- **Assignment**
The records below must be output exactly, with no images carried over.

- **Supplied information**
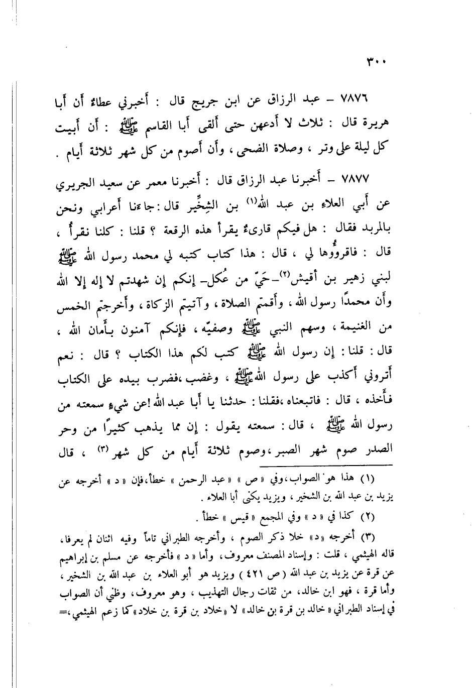 ٧٨٧٧ - عَبْدُ الرَّزَّاقِ قَالَ: أَخْبَرَنَا مَعْمَرٌ، عَنْ سَعِيدٍ الْجُرَيْرِيِّ، عَنْ أَبِي الْعَلَاءِ بْنِ عَبْدِ اللَّهِ بْنِ الشِّخِّيرِ قَالَ: جَاءَنَا أَعْرَابِيٌّ وَنَحْنُ بِالْمَرْبَدِ، فَقَالَ: هَلْ فِيكُمْ قَارِئٌ يَقْرَأُ هَذِهِ الرُّقْعَةَ؟ قُلْنَا: كُلُّنَا نَقْرَأَ قَالَ: فَاقْرَءُوهَا لِي قَالَ: هَذَا كِتَابٌ كَتَبَهُ لِي مُحَمَّدٌ رَسُولُ اللَّهِ صَلَّى اللهُ عَلَيْهِ وَسَلَّمَ لِبَنِي زُهَيْرِ بْنِ أُقَيْشٍ، حِيٍّ مِنْ عُكْلٍ «إِنَّكُمْ إِنْ شَهِدْتُمْ لَا إِلَهَ إِلَّا اللَّهُ، وَأَنَّ مُحَمَّدًا رَسُولُ اللَّهِ، وَأَقَمْتُمُ الصَّلَاةَ، وَآتَيْتُمُ الزَّكَاةَ، وَأَخْرَجْتُمُ الْخُمُسَ مِنَ الْغَنِيمَةِ، وَسَهْمَ النَّبِيِّ صَلَّى اللهُ عَلَيْهِ وَسَلَّمَ وَصَفِيِّهِ؛ فَإِنَّكُمْ آمِنُونَ بِأَمَانِ اللَّهِ» قَالَ: قُلْنَا: إِنَّ رَسُولَ اللَّهِ صَلَّى اللهُ عَلَيْهِ وَسَلَّمَ كَتَبَ لَكُمْ هَذَا الْكِتَابَ؟ قَالَ: نَعَمْ أَتَرَوْنِي أَكْذِبُ عَلَى رَسُولِ اللَّهِ صَلَّى اللهُ عَلَيْهِ وَسَلَّمَ، وَغَضِبَ فَضَرَبَ بِيَدِهِ عَلَى الْكِتَابِ، فَأَخَذَهُ
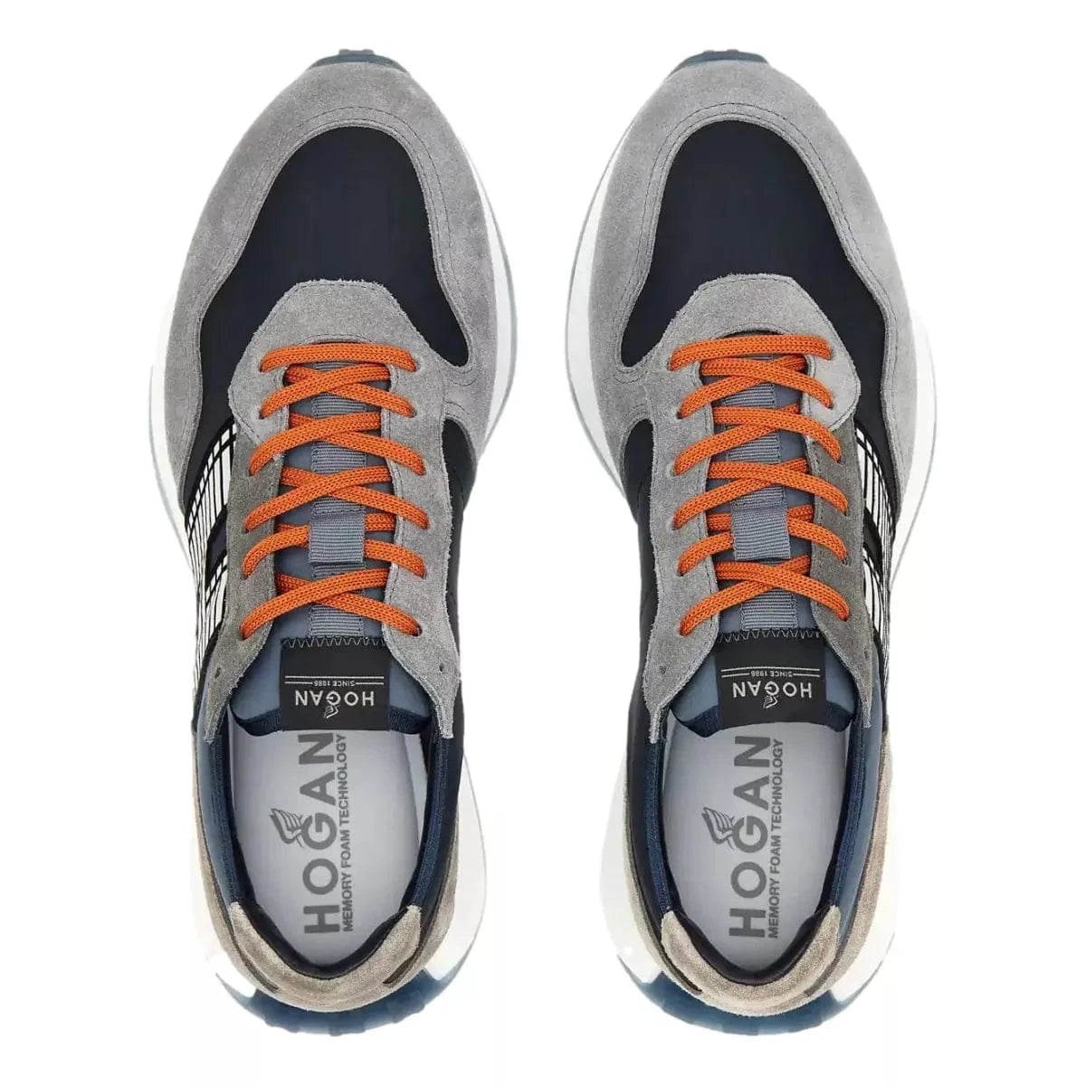A bold look, cool style and retro vibes come together in the Hogan H601 sneakers. Designed for optimal grip, the lightweight outsole comes with a tread with H-shaped spikes. These sneakers, with vintage look laces and look, come with an upper in suede and technical fabric, with striped flocked side H. The memory foam insole guarantees a cushioned fit.
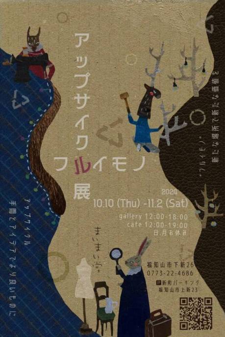 | ◆アップサイクル&フルイモノ展◆ 時:2024年10月10日(木)~11月2日(土) (日・月曜日は休み) 所:まぃまぃ堂 京都府福知山市下新26 TEL 0773-22-4686 いつものフルイモノ(骨董・古物)に加えて、「手間とアイデアでより良いものに 生まれ変わらせたアップサイクル品」を展示販売する企画展です。 春日粧はペットボトルキャップを熱で融かして作ったキーホルダーや しおりを出品します🎵 ※クリックすると大きな画像でご覧いただけます。 ※お陰様で終了しました、来場下さいました方有り難うございました。 |
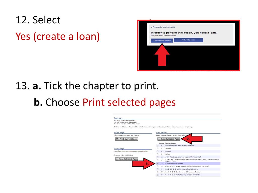 12. Select Yes (create a loan) 13. a. Tick the chapter to print. b.Choose Print selected pages
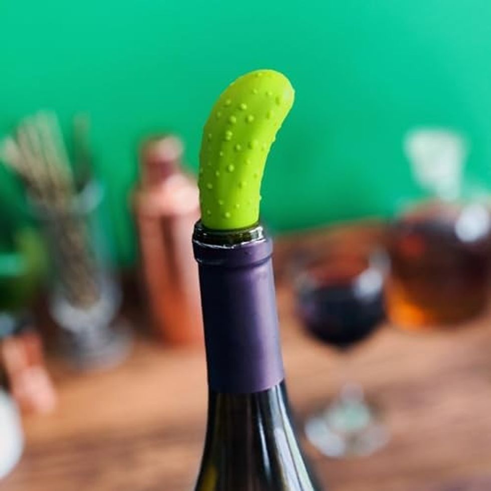 Keep your wine fresh with this pickle wine stopper. Standing 3.5 inches tall, this green pickle-shaped stopper is both fun and functional. It makes a great conversation piece and a quirky gift for wine lovers.

- **Task answer**
 ٧٨٧٧ - عَبْدُ الرَّزَّاقِ قَالَ: أَخْبَرَنَا مَعْمَرٌ، عَنْ سَعِيدٍ الْجُرَيْرِيِّ، عَنْ أَبِي الْعَلَاءِ بْنِ عَبْدِ اللَّهِ بْنِ الشِّخِّيرِ قَالَ: جَاءَنَا أَعْرَابِيٌّ وَنَحْنُ بِالْمَرْبَدِ، فَقَالَ: هَلْ فِيكُمْ قَارِئٌ يَقْرَأُ هَذِهِ الرُّقْعَةَ؟ قُلْنَا: كُلُّنَا نَقْرَأَ قَالَ: فَاقْرَءُوهَا لِي قَالَ: هَذَا كِتَابٌ كَتَبَهُ لِي مُحَمَّدٌ رَسُولُ اللَّهِ صَلَّى اللهُ عَلَيْهِ وَسَلَّمَ لِبَنِي زُهَيْرِ بْنِ أُقَيْشٍ، حِيٍّ مِنْ عُكْلٍ «إِنَّكُمْ إِنْ شَهِدْتُمْ لَا إِلَهَ إِلَّا اللَّهُ، وَأَنَّ مُحَمَّدًا رَسُولُ اللَّهِ، وَأَقَمْتُمُ الصَّلَاةَ، وَآتَيْتُمُ الزَّكَاةَ، وَأَخْرَجْتُمُ الْخُمُسَ مِنَ الْغَنِيمَةِ، وَسَهْمَ النَّبِيِّ صَلَّى اللهُ عَلَيْهِ وَسَلَّمَ وَصَفِيِّهِ؛ فَإِنَّكُمْ آمِنُونَ بِأَمَانِ اللَّهِ» قَالَ: قُلْنَا: إِنَّ رَسُولَ اللَّهِ صَلَّى اللهُ عَلَيْهِ وَسَلَّمَ كَتَبَ لَكُمْ هَذَا الْكِتَابَ؟ قَالَ: نَعَمْ أَتَرَوْنِي أَكْذِبُ عَلَى رَسُولِ اللَّهِ صَلَّى اللهُ عَلَيْهِ وَسَلَّمَ، وَغَضِبَ فَضَرَبَ بِيَدِهِ عَلَى الْكِتَابِ، فَأَخَذَهُ
A bold look, cool style and retro vibes come together in the Hogan H601 sneakers. Designed for optimal grip, the lightweight outsole comes with a tread with H-shaped spikes. These sneakers, with vintage look laces and look, come with an upper in suede and technical fabric, with striped flocked side H. The memory foam insole guarantees a cushioned fit.
 | ◆アップサイクル&フルイモノ展◆ 時:2024年10月10日(木)~11月2日(土) (日・月曜日は休み) 所:まぃまぃ堂 京都府福知山市下新26 TEL 0773-22-4686 いつものフルイモノ(骨董・古物)に加えて、「手間とアイデアでより良いものに 生まれ変わらせたアップサイクル品」を展示販売する企画展です。 春日粧はペットボトルキャップを熱で融かして作ったキーホルダーや しおりを出品します🎵 ※クリックすると大きな画像でご覧いただけます。 ※お陰様で終了しました、来場下さいました方有り難うございました。 |
 12. Select Yes (create a loan) 13. a. Tick the chapter to print. b.Choose Print selected pages
 Keep your wine fresh with this pickle wine stopper. Standing 3.5 inches tall, this green pickle-shaped stopper is both fun and functional. It makes a great conversation piece and a quirky gift for wine lovers.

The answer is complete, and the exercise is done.